# Has anyone seen Ashanti's new video?



## preciouscharm (Aug 16, 2008)

Ashanti's new music video "Good good".

Watch the vid here: YouTube - Ashanti - Good Good

Lovin the makeup and cute pinup style!!!!!!!!


----------



## benzito_714 (Aug 16, 2008)

it is too cute and i love the song. people underestimate ashanti but she's cool in my book.


----------



## M.A.C. head. (Aug 16, 2008)

Yeah I saw this a little while ago, and I too was totally in love with it.
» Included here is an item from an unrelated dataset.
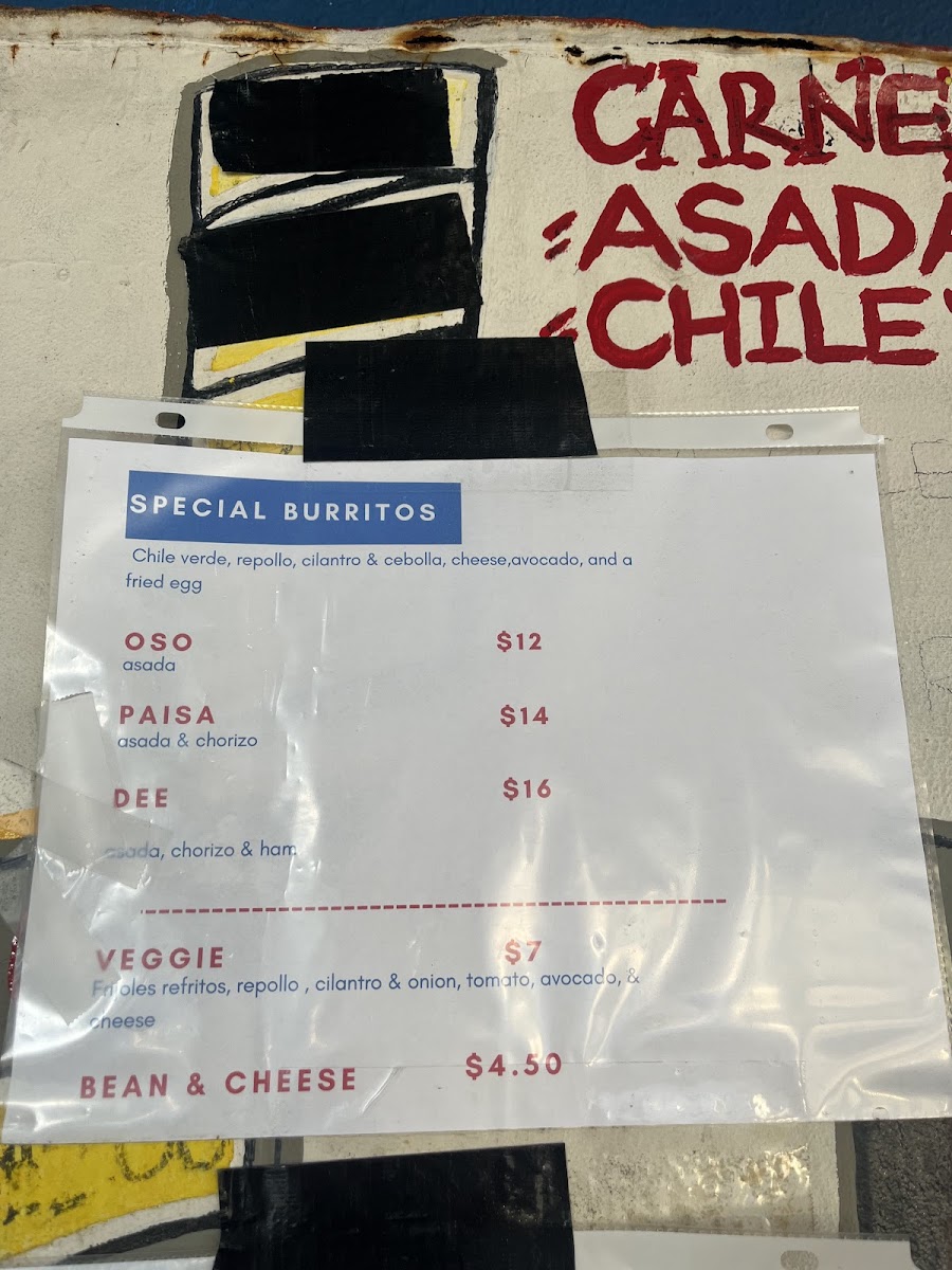 Other main dishes primarily focus on burritos and tacos, with selections like regular burritos, Oso burrito, wet Oso burrito, and burritos with chorizo and eggs. The menu also includes taco dorado, tostada ceviche, and cheese options.

I'm really feelin the pin up look these days and she looks cute.


----------



## coachkitten (Aug 16, 2008)

I love her makeup and the clothes but the song is not my favorite.  Nelly is pretty cute in it too!


----------



## crystalado (Aug 16, 2008)

yeah I love her looks in this video and the song is very catchy!  But overall, I like it!


----------



## Nox (Aug 18, 2008)

Ashanti is no doubt a beautiful woman, and the styling of that video was creative, but I very much dislike those lyrics.  What else has she got to offer besides the fact that she's "got that good good"?  I would love to hear her stretch her old boundaries a bit and go a slightly unconventional route as far as song content.


----------



## MisaMayah (Aug 23, 2008)

I love this video esp the look where she's wearing red.

Does anyone know who does her make-up or the make-up items she uses? I know for sure she uses MAC


----------